Analyzing Arabic with WordStat
WordStat text mining software can help you analyze more than 60 languages including; Chinese, Japanese, Korean, Russia, Turkish and Arabic. Even though the information is available on our website, we are often asked by prospective customers about WordStat’s languages capabilities beyond the obvious ones like English and the main European languages. To demonstrate WordStat’s linguistic diversity we will be presenting a series of blogs highlighting researchers’ analysis of different languages. In this blog we showcase Arabic. It is a form of qualitative, mixed methods research where the story is the data.
The brutal killing of journalist Jamal Khashoggi at the Saudi Arabian consulate in Istanbul in 2018 caused widespread outrage.
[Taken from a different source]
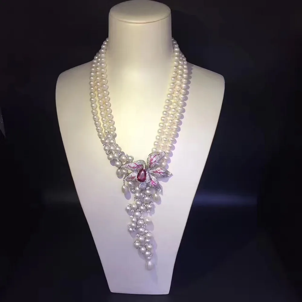 Special Offer 100% قلادة لؤلؤ المياه العذبة حقيقية مثقف 925 زهرة فضة متعددة الطبقات موضة النساء قلادة الزفاف Discount 0% Today!

After his disappearance was reported, there were many differing news and social media reports commenting negatively on Khashoggi’s journalism and character. This included Twitter, Facebook, Instagram and many more. How could much of the information concerning this well-known journalist have been so at odds with the established narrative of his career and character? A large part of the answer is found on social media and the internet in what seems to have been a concerted and organized, state-sponsored campaign.
We have seen state-sponsored digital disinformation campaigns waged by various authoritarian governments in the recent past. Actors include Russia, China, Turkey, and others. Mackinnon (2011) coined a term for the general description of this activity, networked authoritarianism. Part of the study this blog is focused on Al-Rawi (2021) was to see how this concept applied to state-run disinformation campaigns against individuals.
Dr. Ahmed Al-Rawi is an Assistant Professor of News, Social Media, and Public Communication at the School of Communication at Simon Fraser University, Canada. He is the Director of the Disinformation Project that empirically examines fake news discourses in Canada on social media and news media. His research expertise is related to social media, news, and global communication with emphasis on the Middle East. In, Al-Rawi (2021) he explores a coordinated disinformation campaign waged against Khashoggi and his finance by Saudi Arabia and its agents. Much of the internet and social media text data (twitter, Facebook) was in Arabic. The author used many and varied means to collect this data, and he analyzed the text component using QDA Miner and WordStat.
In order to examine the trolls’ textual dataset as a whole, I used QDA Miner—WordStat 8 to identify the most frequent words and their association with other terms. I also conducted topic modeling analysis with the use of factor analysis arranged based on their eigenvalues. I used this software because it allows topic modeling analysis of non-English texts (Al-Rawi, Kane & Bizimana, 2021). p.144.
The author used WordStat’s link analysis to see the relationship between the top 100 key words. (fig. 1) And he used topic modeling which largely confirmed the link analysis relationships between word groups.
In addition to identifying the troll-generated content, the study also analyzes its relative effectiveness. The conclusions are very interesting with respect to networked authoritarianism and a very good example of how to approach and analyze this type of event of which we are likely to see more and more in the future.
Al-Rawi, A. (2021). Disinformation under a networked authoritarian state: Saudi trolls’ credibility attacks against Jamal Khashoggi. Open Information Science, 5(1), 140–162.
MacKinnon, R. (2011). China’s “Networked Authoritarianism” Journal of Democracy, 22(2), 32–46.